Pelvic Fracture

A pelvic fracture refers to the breaking of any portion of the pelvis, which consists of the two Ilia bones, the Pubis, the Ischium, and the Sacrum.

Symptoms of a Pelvic Fracture

Symptoms of a pelvic fracture can vary significantly based on the severity, type of fracture, and possible complications.

  • A minor avulsion fracture may resemble a pulled muscle but will be directly felt on the bone.
  • More substantial fractures may cause immediate pain upon impact or at the time of trauma.
  • Bruising may develop within 48 hours, sometimes appearing even sooner.
  • Pain while moving the hip.
  • The patient may adopt a specific leg position for comfort.
  • Numbness, tingling, or cold, pale skin in the legs may indicate nerve or blood vessel damage.
  • Grade C injuries often involve internal bleeding, leading to symptoms of shock such as nausea, light-headedness, a racing pulse, cold and clammy skin, and loss of consciousness.

Causes

The pelvis is a robust structure that typically requires significant force to fracture, except in cases of osteoporosis among the elderly, where bones may be weaker and more prone to fractures. Athletes may experience avulsion fractures, where a muscle pulls away from a small section of bone.

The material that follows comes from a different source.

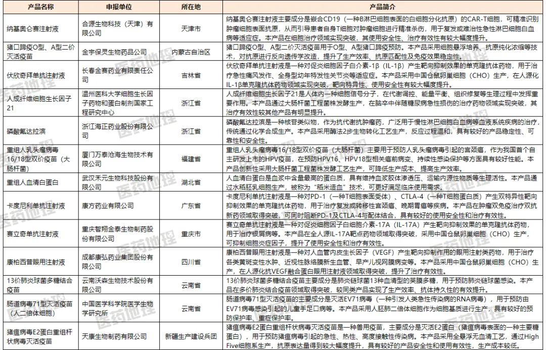表1:13个生物制药领域产品简介 来源:生物制造标志性产品名单(第一批)
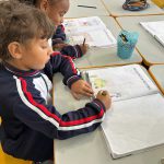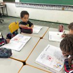 A professora Patrícia da turma da Educação infantil, e 1° e 2° anos, contou para os alunos a fantástica história do carrinho Vrum…

Pelvic fractures commonly result from high-energy impacts, such as car or motorbike accidents, or falls from great heights. The pelvis contains several internal organs, and injury to these organs, along with internal bleeding, can occur.

Classifications

Pelvic fractures can be categorized based on their severity and the level of stability exhibited:

Grade A: Fractures that are stable in nature, typically encompass minor fractures, including avulsion fractures like Rectus Femoris avulsion, and fractures of one of the Ilia.

Grade B: Fractures are characterized by rotational instability, often involving compression fractures, accompanied by separation of the pubic symphysis and widening of the SI joints.

Grade C: Fractures that are both vertically and rotationally unstable, resulting in complete disruption of the pelvic ring. These injuries are highly severe, frequently accompanied by multiple complications and a substantial fatality rate.

Treatment

Fractured pelvis treatment varies depending on the severity, with different approaches for each grade:

Grade A Injuries: Rest is key, typically requiring non-weight bearing and the use of crutches. Partial weight bearing may be introduced after two weeks, continuing up to three months until healing is complete. Avulsion fractures generally heal faster. Painkillers or anti-inflammatory medications may be advised.

Grade B Injuries: The need for surgery is determined by severity. Surgical approaches may include external fixation of the fractured segments, using an external cage until healing. Medications such as painkillers, anti-inflammatories, or even blood thinners may be necessary during recovery due to immobility.

Grade C Injuries: If extensive internal damage is present, the primary treatment focus shifts away from the fracture. Stabilizing the patient and treating internal injuries are prioritized before addressing the fracture sites.

Rehabilitation Program: Essential for all pelvic fractures, a rehab program aids in regaining mobility and strength. Early rehabilitation may be initiated even for minor injuries, featuring exercises like muscle contractions and leg movements. A physiotherapist or physical therapist will guide through suitable exercises for recovery.